3.  Jury instructions.  The defendant asserts that the “suit coat” example[7] of constructive possession in the jury instructions was too similar to the facts in this case and expressed approval for the Commonwealth’s theory of the case.[8]    The defendant objected to that portion of the instruction but declined the judge’s offer to give a curative instruction.  Jury instructions are to be reviewed in their entirety.  Commonwealth v. Walker, 466 Mass. 268, 284 (2013).  Isolating the example from the remainder of the charge ignores that the judge also instructed that the defendant had to knowingly possess the drugs in the pants pocket in order for the jury to find him guilty of possession.  See Commonwealth v. Gil, 393 Mass. 204, 221-222 (1984).  Insofar as the defendant asserts that the instruction allowed the jury to convict the defendant based on the presence of the drugs in his pockets alone, the instruction that the Commonwealth had to prove the defendant knowingly possessed a controlled substance eliminates any confusion, as did the example itself, which required that the judge know the keys were in his pocket in order to be in possession of them.  Further, the judge instructed the jury later in his charge that he was neutral and they should notinfer that anything he said or did during the trial suggested “that [he had] an opinion on how [the jury] should decide the case.”  Finally, even if the instruction may have been similar to the facts of the case, it is clear that the jury were not persuaded by that similarity, given that they acquitted the defendant of possession of the cocaine found in his pants pocket.  There was no error.

Judgments affirmed.

 


     [1] The defendant was sentenced to concurrent sentences of two years to two years and one day in State prison.  The defendant was also charged as a subsequent offender and with drug violations in a school zone in connection with each of these charges, all of which were later dismissed by the Commonwealth.  The defendant was charged with, and acquitted of, possession with intent to distribute cocaine and a related school zone drug violation.
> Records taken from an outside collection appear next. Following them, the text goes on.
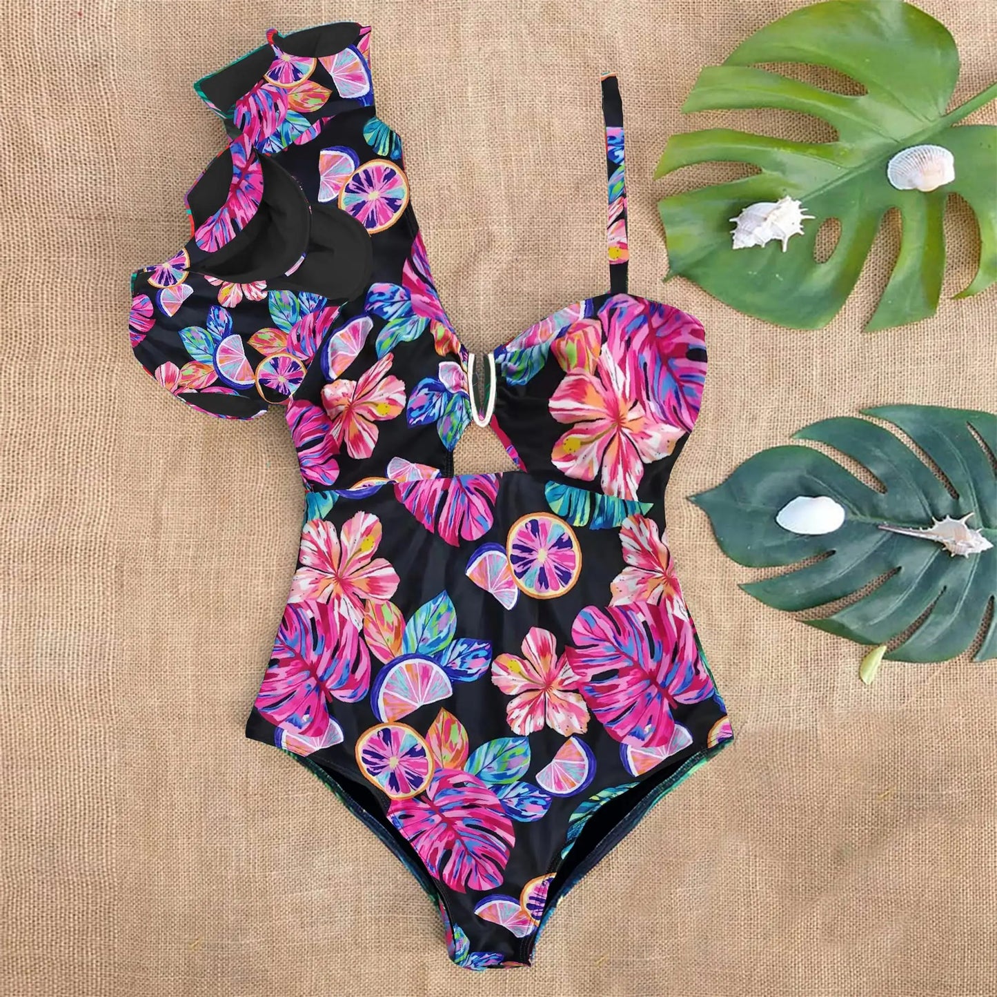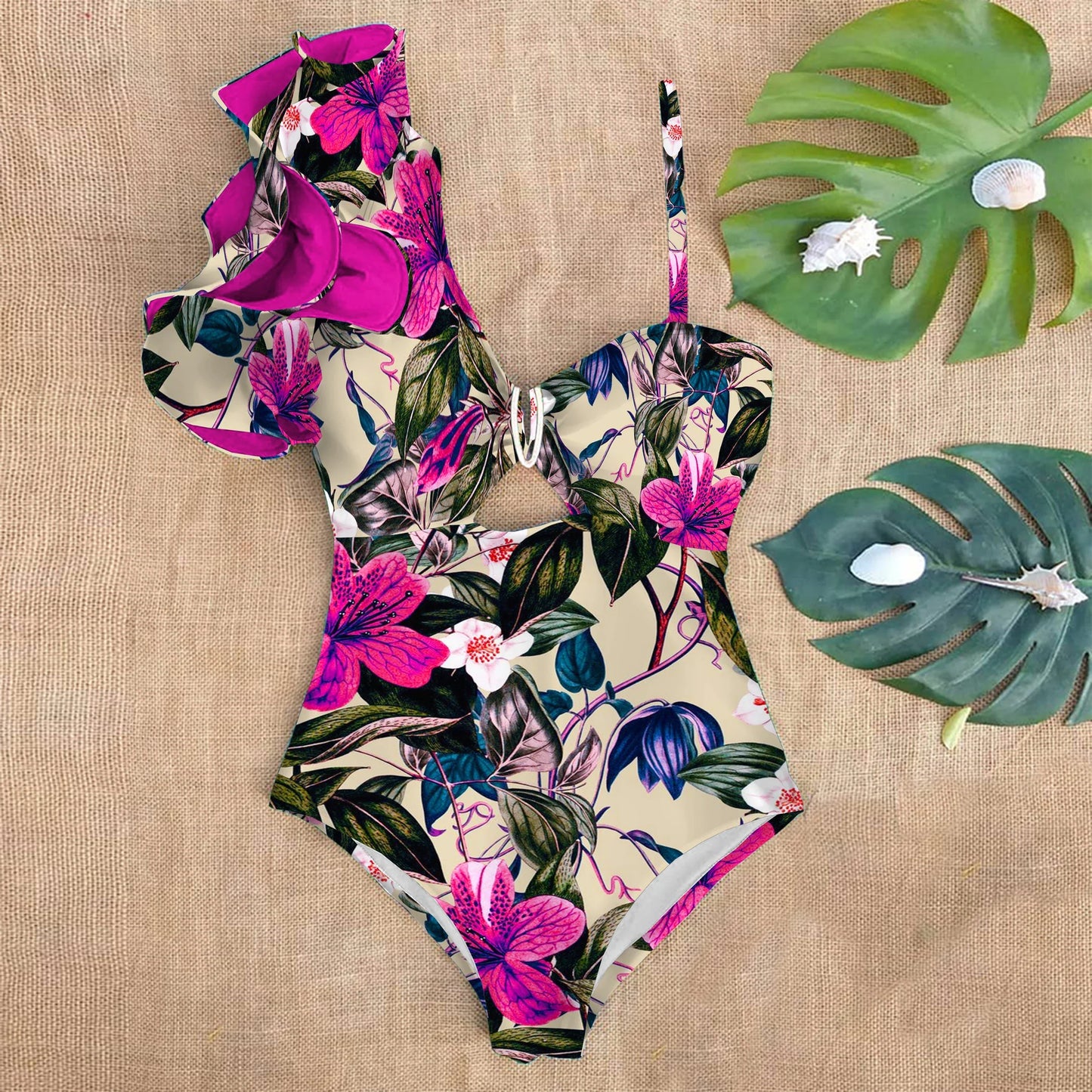 Denna baddräkt kombinerar eleganta designinslag med funktionalitet, vilket gör den perfekt för både avkoppling vid poolen och aktiva dagar på stranden. Med sitt blommönster och ruffles får du en feminin och lekfull look.
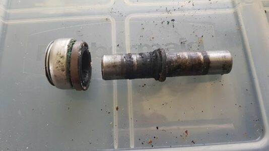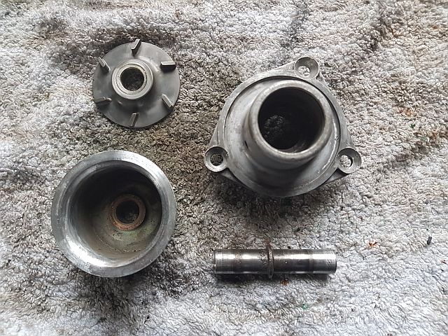 Gebrauchte BI4 Wasserpumpen kaufen, lohnt sich das? Teil 2: Das Grauen hat eine Fortsetzung. Nachdem ich die Pumpen komplett zerlegt habe, entpuppte sich eine Welle "do it yourself" ohne Bund. Leute, da hatte wirklich jemand überhaupt keine Ahnung von der Materie. Ab in die Schrottkiste!
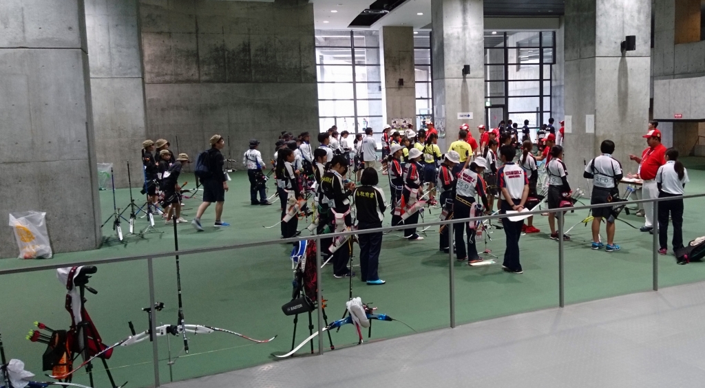 本日は午前中に監督会議が行われ、午後から男女それぞれの弓具及び服装検査と公式練習が行われました。
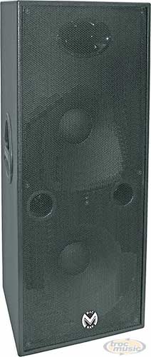 Enceinte bass-reflex trapézoïdale polyvalente 2 voies 600W sous 4 Ohms. Boomer 38cm et moteur 1'' type dôme à pavillon ovale.

     [2] For a detailed discussion of Dookhan’s misconduct and the investigation into the Hinton drug lab, see Commonwealth v. Scott, 467 Mass. 336, 337-342, 349-350 (2014).

     [3] “A motion to withdraw a guilty plea is treated as a motion for a new trial under Mass. R. Crim. P. 30 (b), as appearing in 435 Mass. 1501 (2001).”  Commonwealth v. Furr, 454 Mass. 101, 106 (2009).

     [4] As detailed in Scott, 467 Mass. at 339-341, and at the trial of this defendant, there is no evidence that Dookhan’s misconduct included mixing samples seized from different suspects, notwithstanding the defendant’s assertions to the contrary at trial and on appeal.  Testimony at trial revealed that Dookhan, acting as the primary, i.e., the initial testing chemist, would draw individual samples from different cases when she believed them to be the same substance.  She would conduct the required testing on a handful of these samples, and then attribute the results to all of those she had drawn (“dry labbing”).  She would then prepare small vials (aliquots) from each case for secondary testing.  In some cases, when her surmise — that each of the untested samples was identical to the others — proved to be wrong after a secondary chemist tested the aliquots, she would add a known substance to a new aliquot to ensure that a subsequent retest would “turn[] negative samples into positive samples,” id. at 339, and confirm her report. There was no testimony that the drugs from which samples were originally drawn were ever adulterated or combined.  Without that showing, the subsequent testing by Della Saunders of the drugs seized from the defendant in this case provided admissible evidence on which a fact finder could rely.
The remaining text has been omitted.